Given some \(\mathcal{L}\)-formula \(\phi\) with free variables among \(v_1, \dots, v_n\), denoted \(\phi(v_1, \dots, v_n)\), and \(([g_1, \dots, g_n]) \in M^{n}\), we have that \(\mathcal{M} \models \phi(v_1, \dots, v_n)\) if and only if \(A = \{i \in I \mid \mathcal{M}_i \models \phi(g_1(i), \dots, g_n(i))\} \in U\).

Loosely summarized, a formula \(\phi\) is true in \(\mathcal{M}\) precisely when it is true in “almost all” of the \(\mathcal{M}_i\)’s. This is an absolutely incredible theorem, and we will see some remarkable consequences of this theorem once we prove it. The reason ultrafilters are defined the way they are is to make this theorem work out. In particular, we needed to use the properties of filters in order to construct \(\mathcal{M}\), but we never used the fact that \(U\) is an ultrafilter. We will need it in this proof. Keep an eye out for where, as it is kind of interesting. This proof, as a whole, is surprisingly easy and routine, but it is enlightening seeing how the properties of ultrafilters and ultraproducts are used.

By induction on the structure of \(\phi\).

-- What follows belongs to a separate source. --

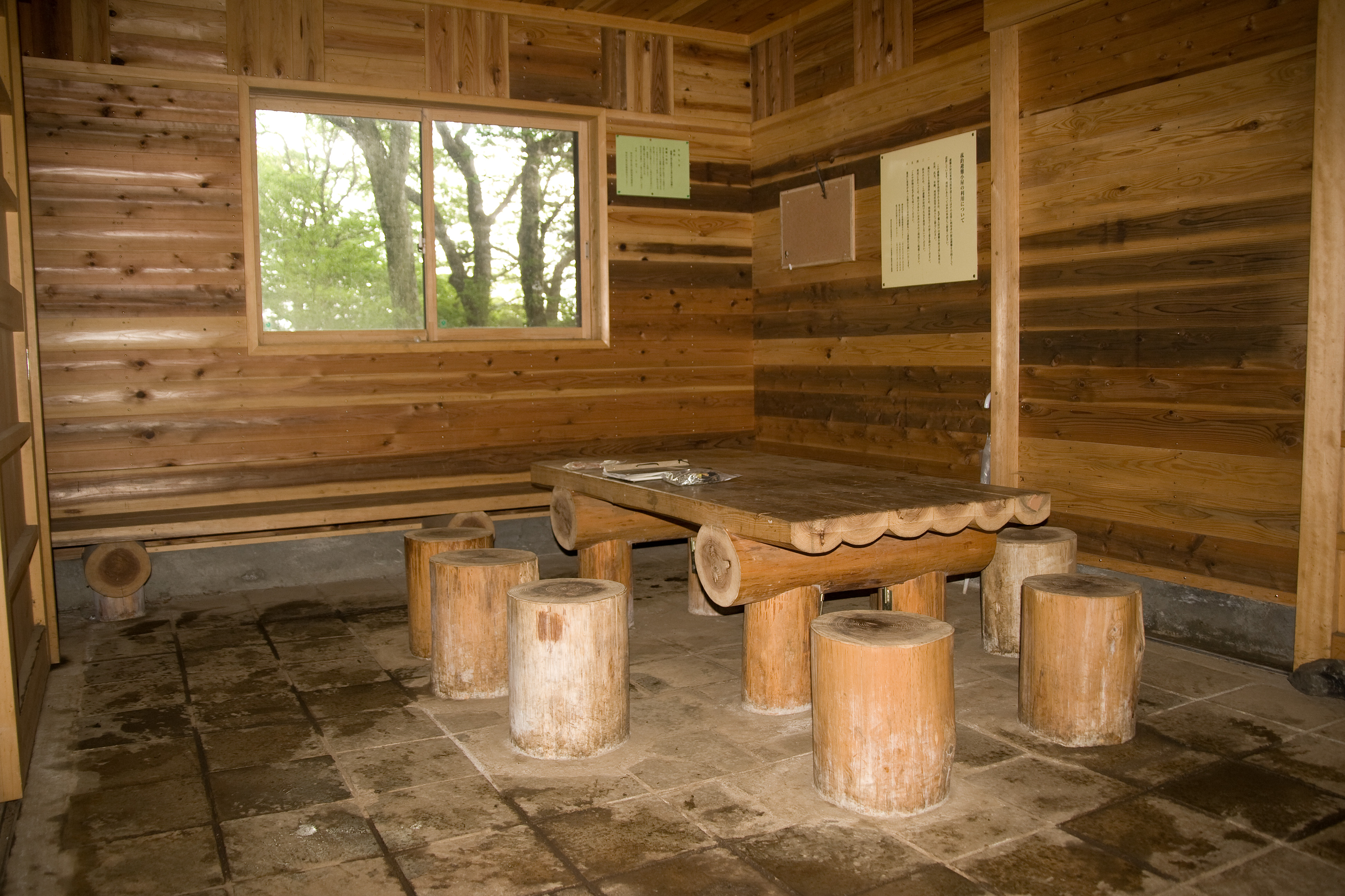 Interior of Komotsurushi hinangoya ("Komotsurushi shelter hut") in the Tanzawa Mountains, Japan
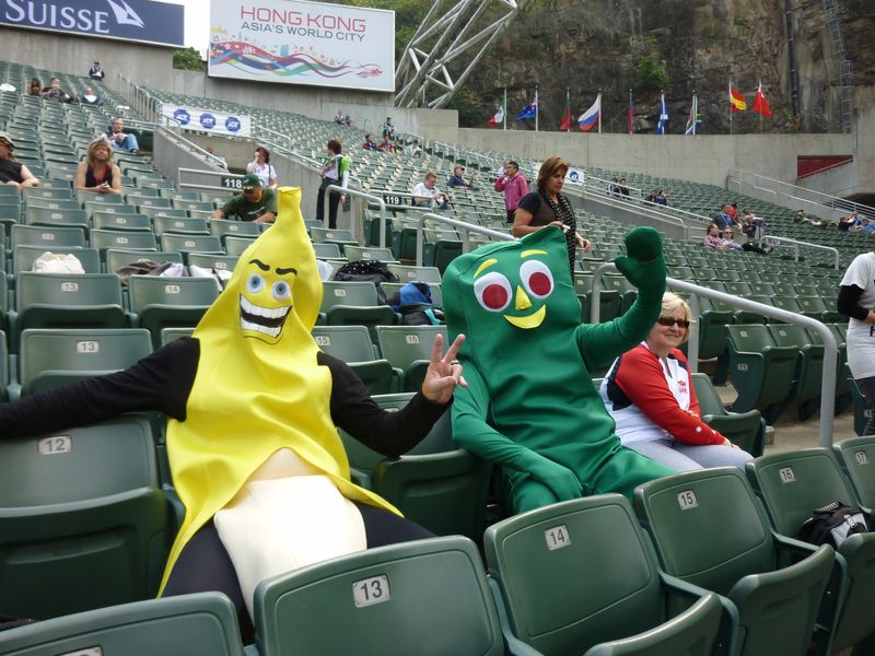 2011 Hong Kong Rugby Sevens, Gumby and Banana resting before the matches begin

If \(\phi \equiv R(v_{j_1}, \dots, v_{j_m})\), then
\begin{align*} \mathcal{M} \models \phi([g_1], \dots, [g_n]) &\iff ([g_{j_1}], \dots, [g_{j_m}]) \in R^{\mathcal{M}} \\ &\iff \{i \mid (g_{j_1}(i), \dots, g_{j_m}(i)) \in R^{\mathcal{M}_{i}}\} \in U \\ &\iff \{i \mid \mathcal{M}_i \models \phi(g_1(i), \dots, g_n(i))\} \in U \end{align*}
If \(\phi \equiv s(v_1, \dots, v_n) = t(v_1, \dots, v_n)\), then
\begin{align*} \mathcal{M} \models \phi([g_1], \dots, [g_n]) &\iff s^{\mathcal{M}}([g_1], \dots, [g_n]) = t^{\mathcal{M}}([g_1], \dots, [g_n]) \\ &\iff \{i \mid s^{\mathcal{M}_i}(g_1(i), \dots, g_n(i)) = t^{\mathcal{M}_i}(g_1(i), \dots, g_n(i)\} \in U \\ &\iff \{i \mid \mathcal{M}_i \models s(v_1, \dots, v_n) = t(v_1, \dots, v_n)\} \in U. \end{align*}
This does technically require the lemma that \(s^{\mathcal{M}}([g_1], \dots, [g_n])(i) = s^{\mathcal{M}_i}(g_1(i), \dots, g_n(i))\), but this follows immediately from the definition of constants and functions and a quick induction.
I’m going to start to get a little sloppy with notation and leave off the free variables/arguments. They are very easy to put back in and don’t substantively change the argument, just massively clutter the notation. Suppose \(\phi \equiv \psi \wedge \theta\). We’ll start with the forward direction. Suppose \(\mathcal{M} \models \phi\). Then \(\mathcal{M} \models \psi\) and \(\mathcal{M} \models \theta\). By the inductive hypothesis, \(A = \{i \mid \mathcal{M}_i \models \psi\} \in U\) and \(B = \{i \mid \mathcal{M}_i \models \theta\} \in U\). Hence \[ \{i \mid \mathcal{M}_i \models \phi\} = \{i \mid \mathcal{M}_i \models \psi \text{ and } \mathcal{M}_i \models \theta\} \supseteq A \cap B \in U. \]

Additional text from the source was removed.